The answer must consist only of the lines in the records below from the line with "Παιδικό σετ βερμούδα" to the line with "vermutlich 1967. Türkei.", both included, copied word for word with every picture left out.

Dataset entries =>
===

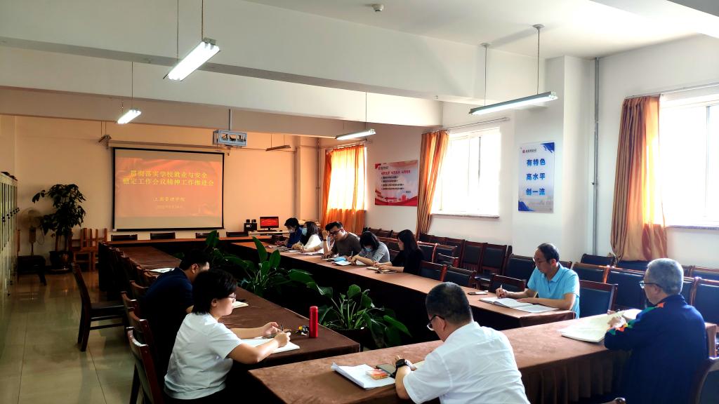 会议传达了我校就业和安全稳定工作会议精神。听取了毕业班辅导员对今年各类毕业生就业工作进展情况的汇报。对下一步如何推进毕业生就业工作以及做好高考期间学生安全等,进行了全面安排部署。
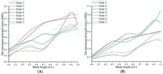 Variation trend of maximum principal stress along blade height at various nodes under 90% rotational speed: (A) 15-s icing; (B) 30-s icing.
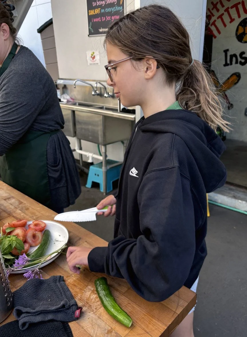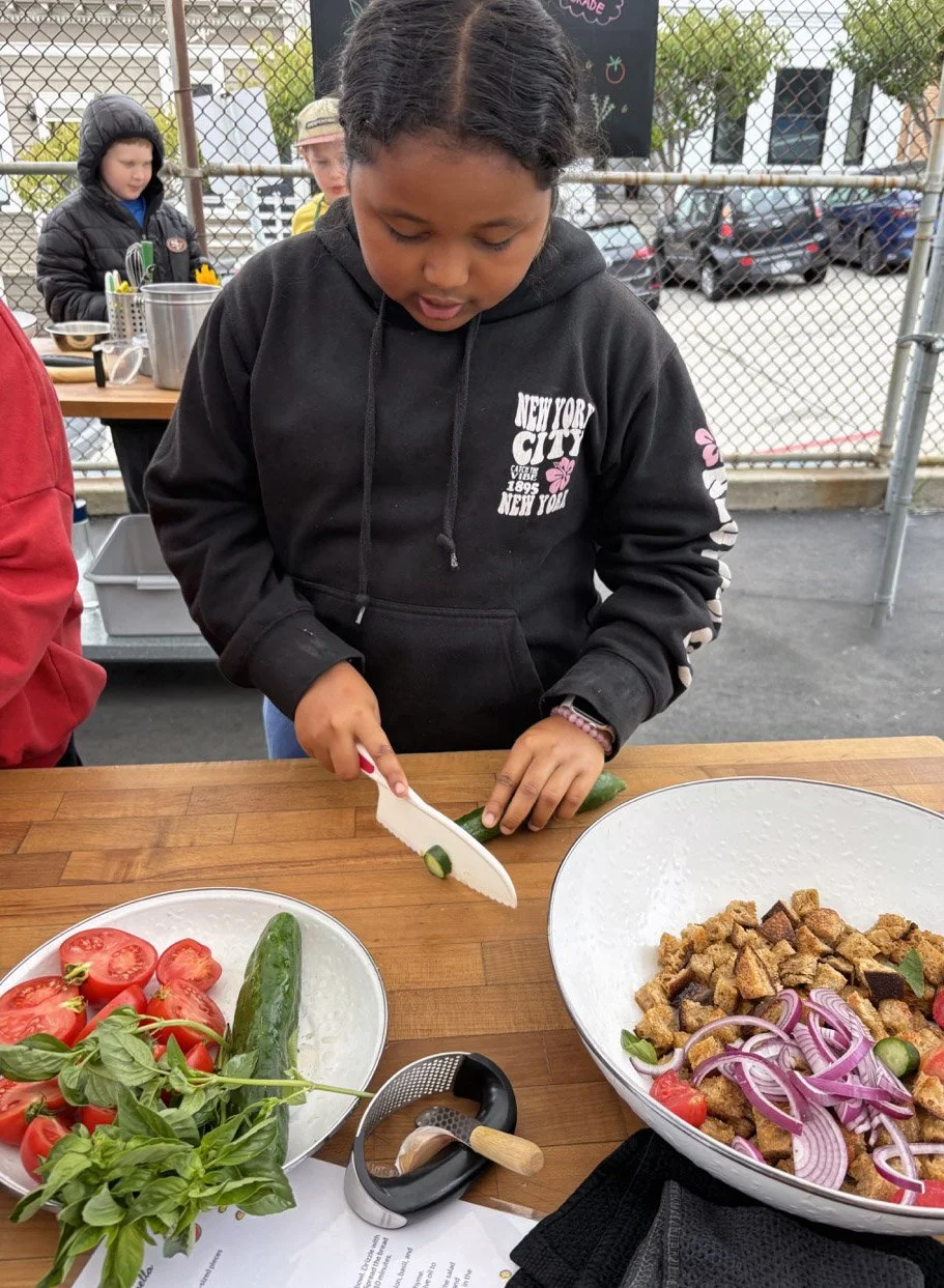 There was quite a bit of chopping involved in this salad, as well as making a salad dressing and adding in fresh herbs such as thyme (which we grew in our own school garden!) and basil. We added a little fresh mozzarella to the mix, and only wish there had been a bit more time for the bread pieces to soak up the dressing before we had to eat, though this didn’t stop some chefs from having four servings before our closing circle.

===

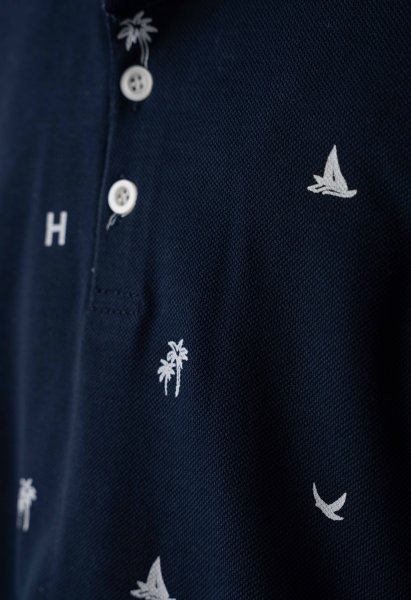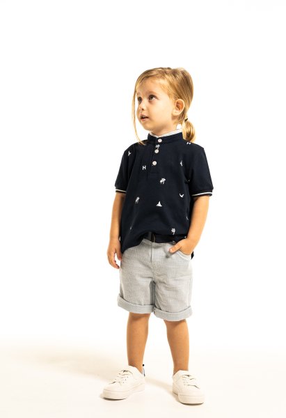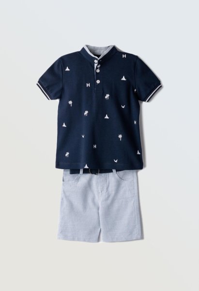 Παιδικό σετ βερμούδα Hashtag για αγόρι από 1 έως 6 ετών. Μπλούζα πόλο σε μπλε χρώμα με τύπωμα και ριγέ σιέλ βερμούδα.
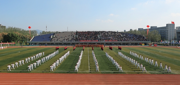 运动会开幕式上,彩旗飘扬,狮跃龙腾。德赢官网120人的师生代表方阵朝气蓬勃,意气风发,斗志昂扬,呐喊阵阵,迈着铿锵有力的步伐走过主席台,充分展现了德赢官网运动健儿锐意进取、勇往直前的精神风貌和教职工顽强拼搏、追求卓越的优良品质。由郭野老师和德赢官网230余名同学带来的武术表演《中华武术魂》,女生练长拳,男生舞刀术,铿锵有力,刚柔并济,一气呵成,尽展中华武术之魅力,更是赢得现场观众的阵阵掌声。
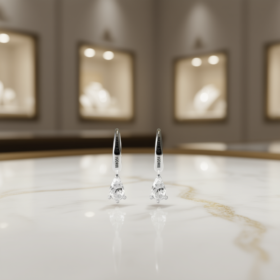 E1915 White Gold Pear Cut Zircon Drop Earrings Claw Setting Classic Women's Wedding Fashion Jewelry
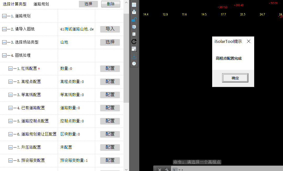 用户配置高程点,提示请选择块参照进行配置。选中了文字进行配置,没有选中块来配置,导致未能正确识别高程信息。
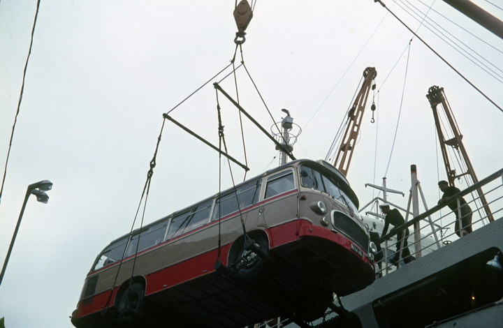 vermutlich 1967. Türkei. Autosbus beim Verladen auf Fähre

===

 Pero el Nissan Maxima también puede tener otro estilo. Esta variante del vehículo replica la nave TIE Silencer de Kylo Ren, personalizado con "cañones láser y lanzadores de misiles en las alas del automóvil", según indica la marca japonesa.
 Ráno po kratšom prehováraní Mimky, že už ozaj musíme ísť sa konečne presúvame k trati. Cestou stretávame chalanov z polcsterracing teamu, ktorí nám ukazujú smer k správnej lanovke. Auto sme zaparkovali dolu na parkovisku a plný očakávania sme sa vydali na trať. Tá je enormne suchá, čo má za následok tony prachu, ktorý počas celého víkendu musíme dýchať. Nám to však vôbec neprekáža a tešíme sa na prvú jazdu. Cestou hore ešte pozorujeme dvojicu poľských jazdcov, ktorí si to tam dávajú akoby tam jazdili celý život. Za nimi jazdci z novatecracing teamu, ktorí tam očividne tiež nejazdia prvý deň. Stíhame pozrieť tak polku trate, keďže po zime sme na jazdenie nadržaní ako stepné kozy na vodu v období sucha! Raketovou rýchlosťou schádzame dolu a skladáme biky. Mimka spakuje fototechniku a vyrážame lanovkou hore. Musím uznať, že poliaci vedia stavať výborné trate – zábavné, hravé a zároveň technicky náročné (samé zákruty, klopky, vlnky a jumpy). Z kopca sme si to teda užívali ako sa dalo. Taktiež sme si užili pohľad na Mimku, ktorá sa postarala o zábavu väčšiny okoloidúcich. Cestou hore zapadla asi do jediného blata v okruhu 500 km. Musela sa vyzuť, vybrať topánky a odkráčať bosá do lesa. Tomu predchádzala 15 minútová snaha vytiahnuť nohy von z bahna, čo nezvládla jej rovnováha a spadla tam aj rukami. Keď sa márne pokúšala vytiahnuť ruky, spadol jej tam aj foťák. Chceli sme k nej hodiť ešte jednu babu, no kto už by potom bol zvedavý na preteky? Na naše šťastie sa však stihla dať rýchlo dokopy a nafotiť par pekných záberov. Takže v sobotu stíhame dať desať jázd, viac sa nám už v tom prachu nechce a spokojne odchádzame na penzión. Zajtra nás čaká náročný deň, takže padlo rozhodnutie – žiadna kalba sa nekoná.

===

Result for this task =>
 Παιδικό σετ βερμούδα Hashtag για αγόρι από 1 έως 6 ετών. Μπλούζα πόλο σε μπλε χρώμα με τύπωμα και ριγέ σιέλ βερμούδα.
 运动会开幕式上,彩旗飘扬,狮跃龙腾。德赢官网120人的师生代表方阵朝气蓬勃,意气风发,斗志昂扬,呐喊阵阵,迈着铿锵有力的步伐走过主席台,充分展现了德赢官网运动健儿锐意进取、勇往直前的精神风貌和教职工顽强拼搏、追求卓越的优良品质。由郭野老师和德赢官网230余名同学带来的武术表演《中华武术魂》,女生练长拳,男生舞刀术,铿锵有力,刚柔并济,一气呵成,尽展中华武术之魅力,更是赢得现场观众的阵阵掌声。
 E1915 White Gold Pear Cut Zircon Drop Earrings Claw Setting Classic Women's Wedding Fashion Jewelry
 用户配置高程点,提示请选择块参照进行配置。选中了文字进行配置,没有选中块来配置,导致未能正确识别高程信息。
 vermutlich 1967. Türkei. Autosbus beim Verladen auf Fähre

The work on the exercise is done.